Issue (i): Whether the rate of customs duty on the imported goods was to be determined with reference to the date of presentation of the bill of entry or the date of entry inwards and arrival of the goods.
Analysis: Under Section 15 of the Customs Act, 1962, the applicable rate of duty is the rate in force on the date on which the bill of entry is presented, but where the bill is presented before entry inwards, it is deemed to have been presented on the date of such entry inwards. The absence of an entry inwards number on the bill of entry indicated that presentation preceded entry inwards. The import was therefore not complete until entry inwards was granted.
Conclusion: The relevant rate of duty was the rate in force on the date of arrival of the goods and granting of entry inwards, not the date of filing the bill of entry.
Issue (ii): Whether the assessable value of the second-hand machinery could be determined by applying depreciation under the Income-tax Act and whether further enhancement on account of price rise was justified.

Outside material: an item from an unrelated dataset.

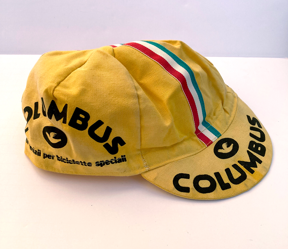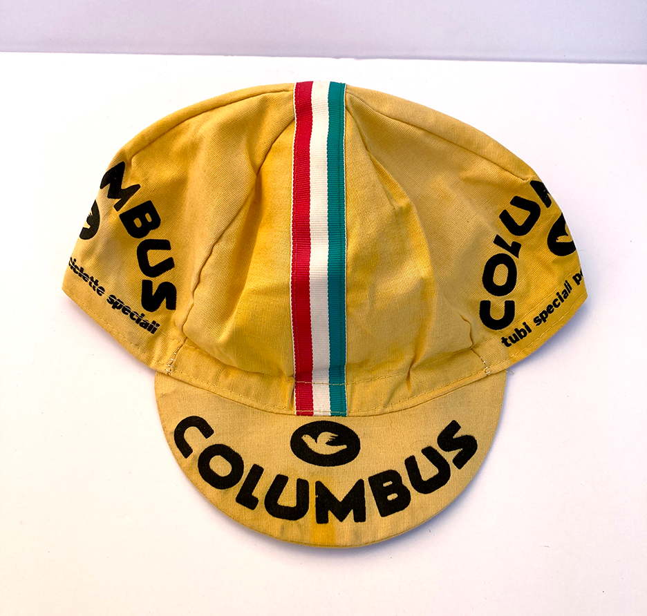 Amazing vintage Columbus Tubing rare yellow cycling cap, made in Italy. Old school large size.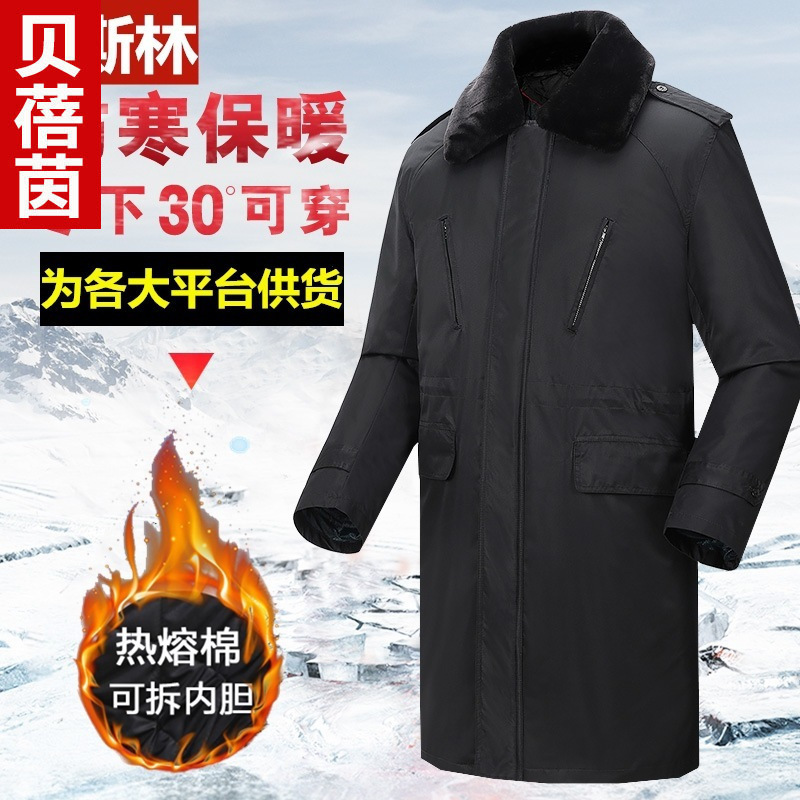 Mantel militer pria musim dingin bulu berjajar tebal panjang tahan dingin cotton-padded mantel Pria properti hitam overall mantel keamanan mantel katun-padded

Analysis: Section 14 of the Customs Act, 1962 read with the Customs Valuation Rules, 1963 governs valuation of imported goods. Depreciation for Income-tax purposes cannot be imported into customs valuation. Depreciation at 15% per annum allowed under the customs valuation process was accepted, but enhancement merely because of rupee depreciation vis-a -vis the U.S. dollar and alleged price rise was not justified on the facts.

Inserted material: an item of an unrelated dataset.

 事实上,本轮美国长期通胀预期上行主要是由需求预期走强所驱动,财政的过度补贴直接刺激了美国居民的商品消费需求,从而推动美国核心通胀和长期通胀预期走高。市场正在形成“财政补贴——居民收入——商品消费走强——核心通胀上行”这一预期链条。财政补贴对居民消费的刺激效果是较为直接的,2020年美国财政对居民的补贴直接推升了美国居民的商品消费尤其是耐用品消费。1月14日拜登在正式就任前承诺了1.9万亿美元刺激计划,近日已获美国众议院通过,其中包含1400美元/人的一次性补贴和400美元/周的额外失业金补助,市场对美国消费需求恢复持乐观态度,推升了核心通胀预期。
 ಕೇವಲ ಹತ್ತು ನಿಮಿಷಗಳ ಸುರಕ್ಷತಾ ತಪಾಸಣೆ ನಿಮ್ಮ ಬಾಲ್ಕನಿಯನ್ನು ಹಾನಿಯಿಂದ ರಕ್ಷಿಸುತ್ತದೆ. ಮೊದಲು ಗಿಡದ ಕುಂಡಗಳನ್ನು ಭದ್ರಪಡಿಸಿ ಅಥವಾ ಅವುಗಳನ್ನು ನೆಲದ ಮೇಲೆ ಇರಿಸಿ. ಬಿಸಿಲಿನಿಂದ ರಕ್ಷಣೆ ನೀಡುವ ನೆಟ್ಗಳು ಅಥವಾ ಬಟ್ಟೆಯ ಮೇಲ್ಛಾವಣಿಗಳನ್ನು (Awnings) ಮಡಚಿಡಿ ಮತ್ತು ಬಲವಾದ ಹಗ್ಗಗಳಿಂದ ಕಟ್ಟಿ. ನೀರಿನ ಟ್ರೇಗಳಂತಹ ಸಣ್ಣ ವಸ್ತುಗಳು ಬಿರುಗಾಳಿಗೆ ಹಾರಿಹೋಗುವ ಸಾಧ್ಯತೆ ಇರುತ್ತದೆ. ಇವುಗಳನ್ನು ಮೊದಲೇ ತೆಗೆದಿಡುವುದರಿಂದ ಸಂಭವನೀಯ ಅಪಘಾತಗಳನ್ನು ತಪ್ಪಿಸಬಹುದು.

Conclusion: Income-tax depreciation could not be applied for customs valuation, but the proposed enhancement of value on account of price rise was not sustainable.
Final Conclusion: The appeal succeeded on the issue of the relevant date for duty but failed on the attempted escalation of value beyond the permissible customs valuation method, resulting in partial relief to Revenue only.
Ratio Decidendi: For imported goods, the duty rate is fixed by Section 15 of the Customs Act, 1962 with reference to entry inwards where the bill of entry was filed earlier, and valuation must be made only under Section 14 of the Customs Act, 1962 and the Customs Valuation Rules, 1963 without borrowing depreciation principles from the Income-tax Act.